Well, it’s time to break that cycle of insecurities and negative perceptions. I refuse to go back home with my head bowed low and my eyes shifting around suspiciously, almost actively seeking out things that will prove my insecurities right.
No, I’m going to smile. I’m going to laugh. I’m going to exude confidence. Of course, as a pastor’s daughter with a rather scandalous past, I won’t be able to entirely avoid the gaze of others, but you know what? I’ll just show myself off as a living testimony of God’s grace. Look at me, everybody! Look what God did for me! I may be weak and flawed, but God deemed me worthy enough to heal me! If I have to endure a bit of unwanted attention to manifest God’s amazing power and love, so be it!
And honestly—I think I better get used to that attention, because I am pretty freaking amazing like that.
I mean, my brain just astounds me how brilliant it is! I’ve been trying to use up all the bits and scraps leftover in my fridge and pantry before I left town, and boy I came up with some pretty darn good creations!
So indulge me and pretend this is the best creation ever:
Sweet Potatoes Stewed in Coconut Milk and Peanut Butter
- 1 tsp olive oil
- 2 cloves garlic, minced
- 1/2 onion, diced
- 1 big-ass sweet potato, chopped into 1-inch chunks
- about 1 cup coconut milk, maybe more
- 2 spoonfuls crunchy peanut butter
- balsamic vinegar (about 1 tablespoon?)
- lime juice (optional)
- 1 tsp ground cumin
- 1 tsp cinnamon
- pinch garam marsala
- salt and pepper
- handful raisins
- 2 slices provolone cheese, diced
In a pot, fry up the garlic and onion, until fragrant and slightly softened. Toss in the sweet potato. Stir to mix, then pour in the coconut milk with all the rest of the ingredients except the raisins and cheese.
Bring the mixture to a boil, and then cover and simmer for about 20 minutes until the sweet potato is cooked through and the sauce is reduced. Stir in the raisins.
Transfer the stewed sweet potato into a dish, and top with provolone cheese. Serve!
I admit, it’s rather monotone in color. I would have added some sprinkle of chopped green onions, but I had none. Spinach would also have been nice, but I also had none of that.
Still, the taste was incredible. I mean, you’ve got it all…sweet potatoes, coconut milk, and peanut butter. You never would have thought so, but the combination works. It freaking works!

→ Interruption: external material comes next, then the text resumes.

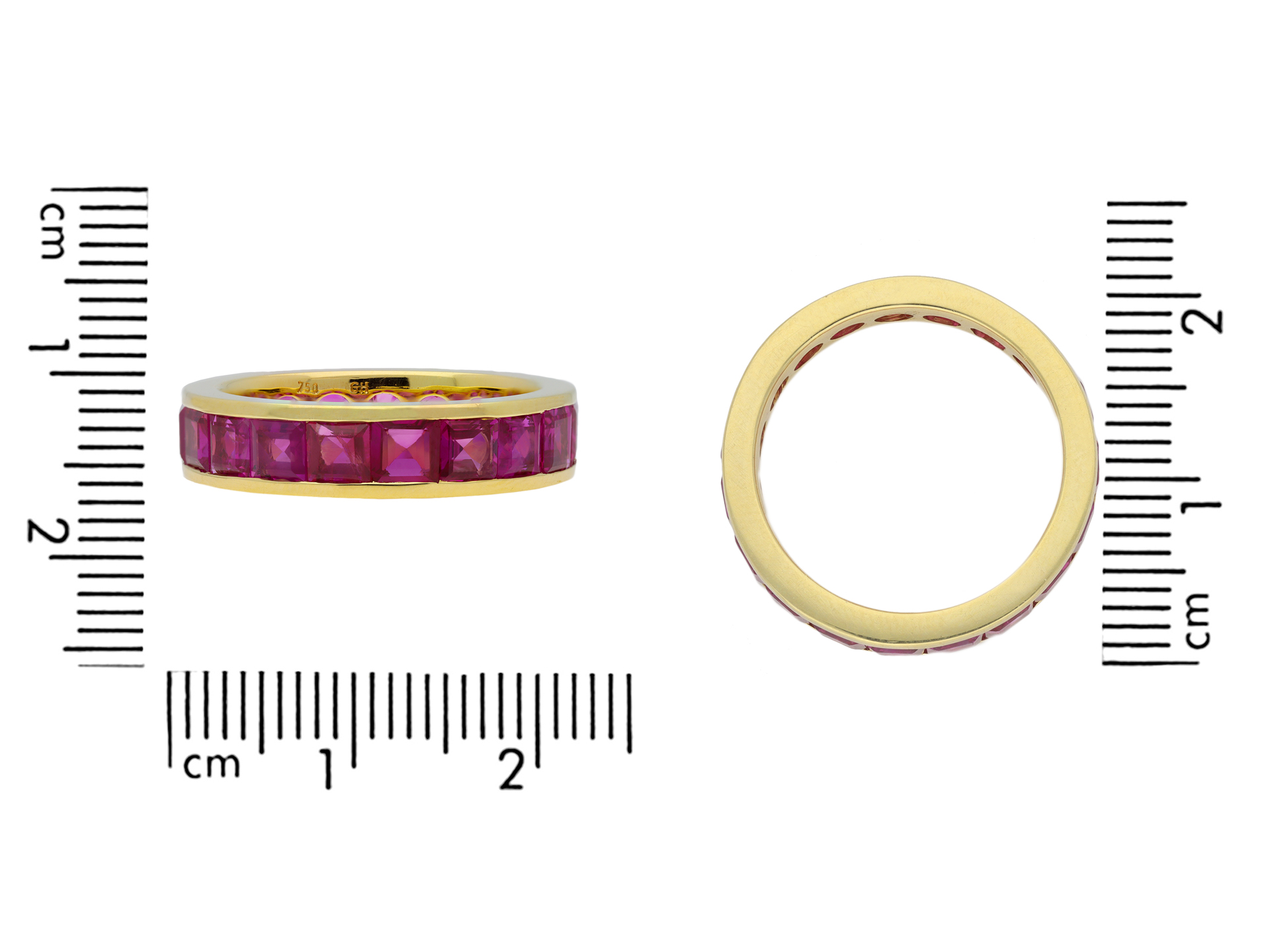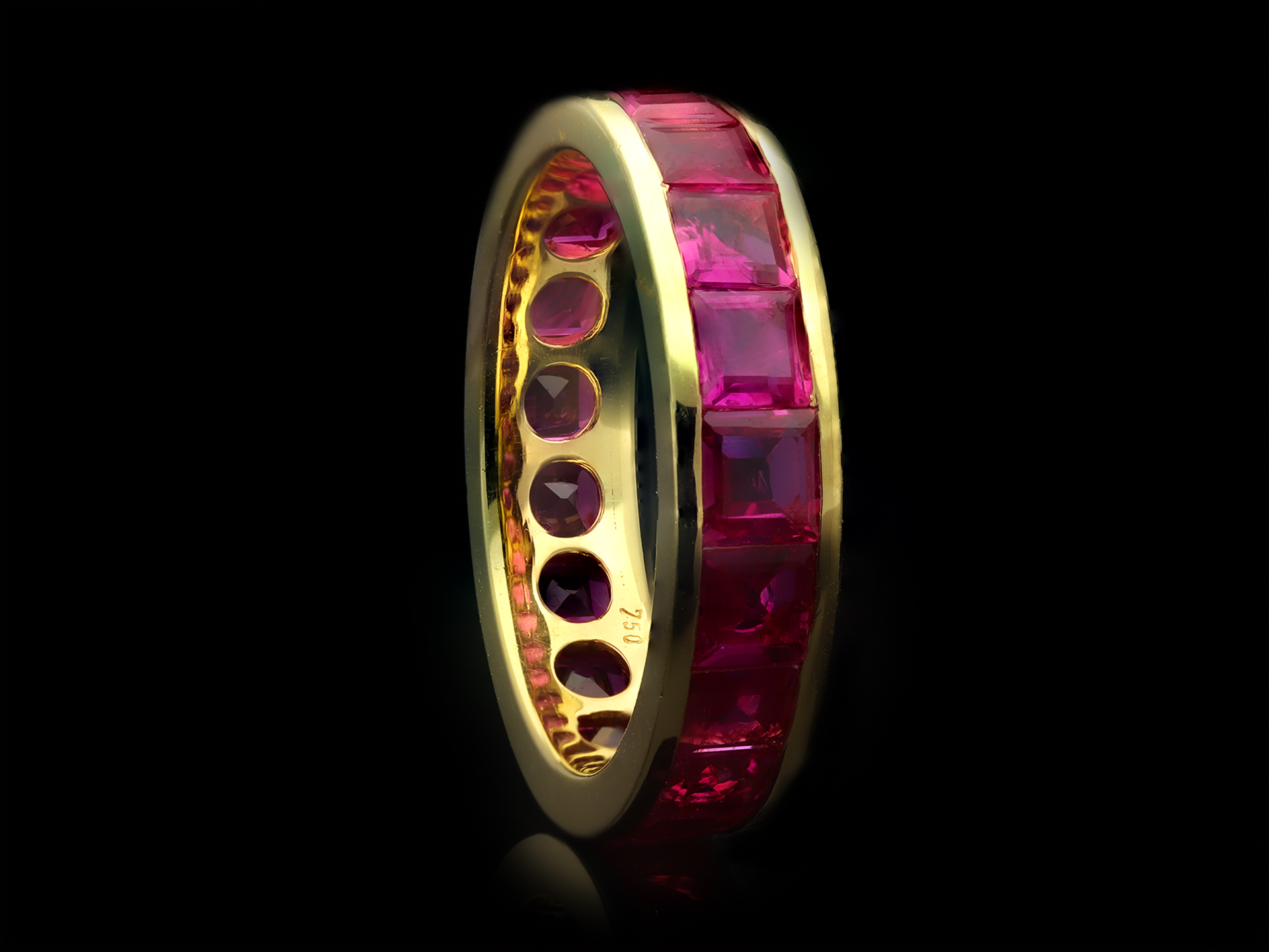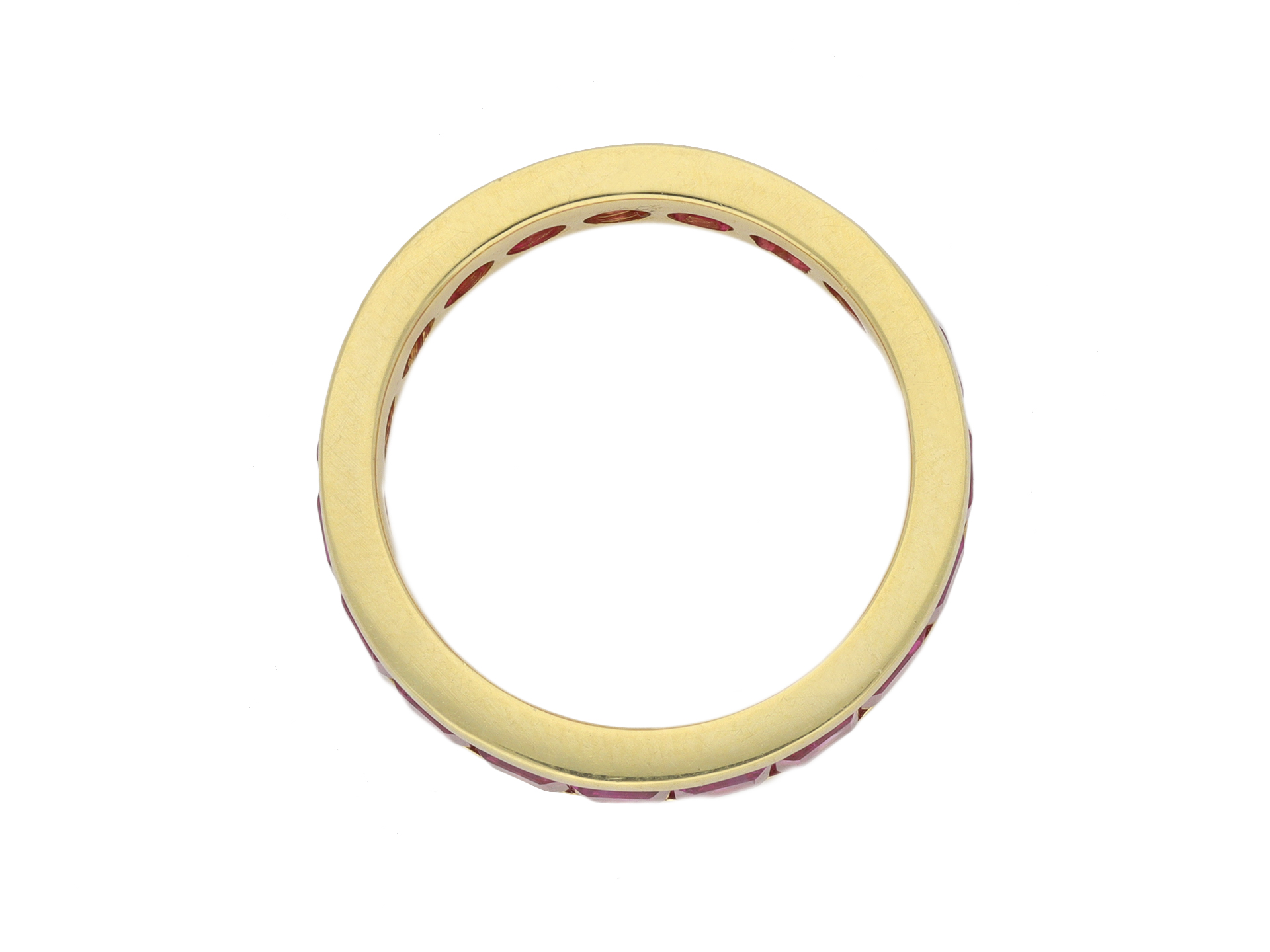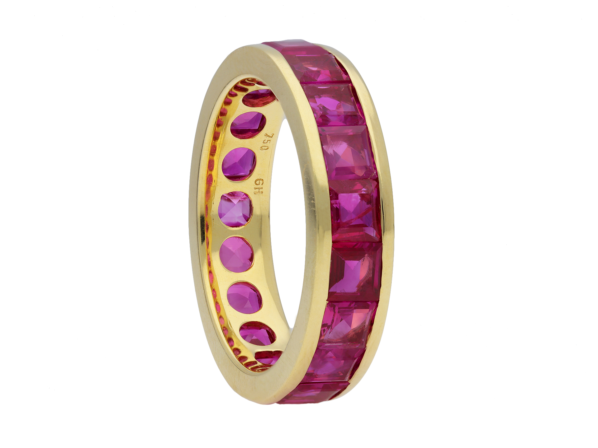 Ruby full eternity ring by Hemmerle. Set with nineteen square step-cut natural rubies in open back rubover settings with a combined approximate weight of 3.80 carats to a smoothly conforming full eternity band, featuring polished edging and circular open backholing, approximately 4.9mm in width. Marked 18 carat yellow gold, maker's mark 'GH' for Hemmerle, German, circa 1980.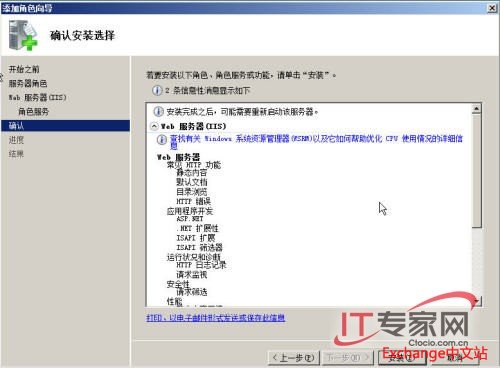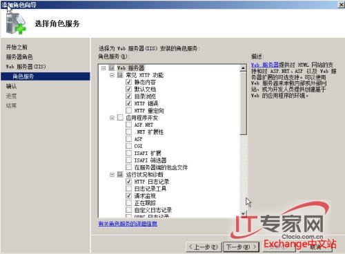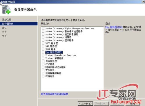 选择角色需要的相关服务之后单击“下一步”:

How should I describe the taste? It’s rich. It’s sensuous. It’s sweet, yet nutty and spicy at the same time. The only alteration I’ll make for next time is adding a squeeze of lime juice. It just needed a bit more acid in there.
And I loved the crunchy peanut butter in there, which added bits of chopped peanuts. I suppose you can add your own.
And ooey, gooey cheese. Mmm. I almost put an egg on top, but I used the egg for another dish (recipe to come!).
All hail to Sophia, Queen of Crazy Dishes!
I think I’ve done enough self-praising. Now it’s your turn. Haha, just kidding! But you know what? It feels nice to be able to let loose a little, and even poke fun at myself. I take myself too seriously sometimes!
Anyway. In about 12 hours, I’ll be flying back home to Virginia…See you in the East Coast!
Question of the day: Do you feel any social pressures, especially during this holiday season? How do you overcome that?